If you squint really hard, you can make these eye-watering amounts seem small. The six banks made a collective $119 billion in profit in 2018, so the CEOs took home just 0.1% of that. On average, the CEOs received a quadruple-the-rate-of-inflation raise last year.
This, naturally, invites scrutiny. Take Sloan, the CEO of Wells Fargo. He made $18.4 million in 2018, which amounts to 283 times the median pay of other staff at the bank. The amount is made up of $2.4 million in base salary, a $2 million bonus and $14 million in long-term performance-based shares. Even though Sloan’s base salary was unchanged, and his stock award was $1 million less than the previous year, he took home 4.5% more than the year before thanks to the bonus, which he didn’t received in 2016 and 2017. Wells Fargo generated a profit of $22.4 billion last year, up on $22.2 billion the year before. “Under Mr Sloan’s leadership, the company had strong financial results and made steady progress against key goals, including risk management,” the company said in a financial filing (pdf).
The details of Sloan’s pay came out a day after he testified to a US congressional committee about Wells Fargo’s company culture and corporate governance. Lawmakers quizzed the CEO on what had changed since the 2016 scandal in which it was revealed that the bank had created millions of fake accounts and charged customers fees for services they never ordered. Sloan took the helm after the scandal became public.

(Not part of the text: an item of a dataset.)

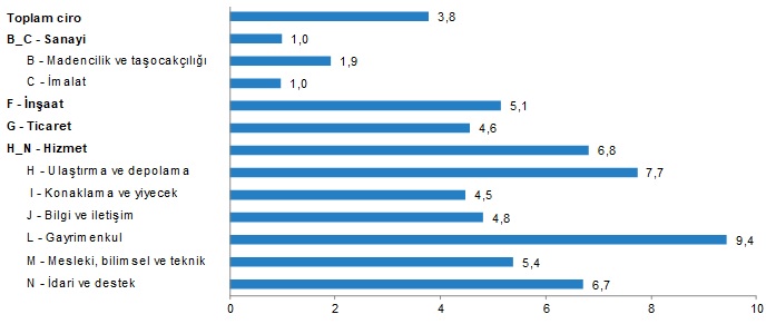 Toplam cironun alt detaylarına bakıldığında; 2022 yılı Eylül ayında aylık sanayi sektörü ciro endeksi %1,0, inşaat ciro endeksi %5,1, ticaret ciro endeksi %4,6, hizmet ciro endeksi %6,8 arttı.

Not all are convinced that Wells Fargo has turned things around. The Federal Reserve extended a cap on the bank’s growth (paywall) earlier this year, making it so it can’t grow larger than $2 trillion in assets. In response to Sloan’s pay rise, the Fed weighed in—which is unusual for the tight-lipped central bank—and a spokesperson told Reuters, “The Federal Reserve does not approve pay packages. We expect boards of directors to hold management accountable.” Meanwhile, the Office of the Comptroller of the Currency said it was disappointed in the progress Wells Fargo had made, especially when it came to corporate governance.
For what it’s worth, Sloan’s 2018 pay package was smaller than his big-bank counterparts—in absolute terms, as well as a share of profit—as was his raise. Bank of America’s Moynihan got the biggest raise—15%—but JPMorgan’s Dimon remains the highest paid, making $31 million last year. The amount seems slightly less garish when you consider that JPMorgan made the biggest profit among the banks, at $32.5 billion (pdf). Slightly.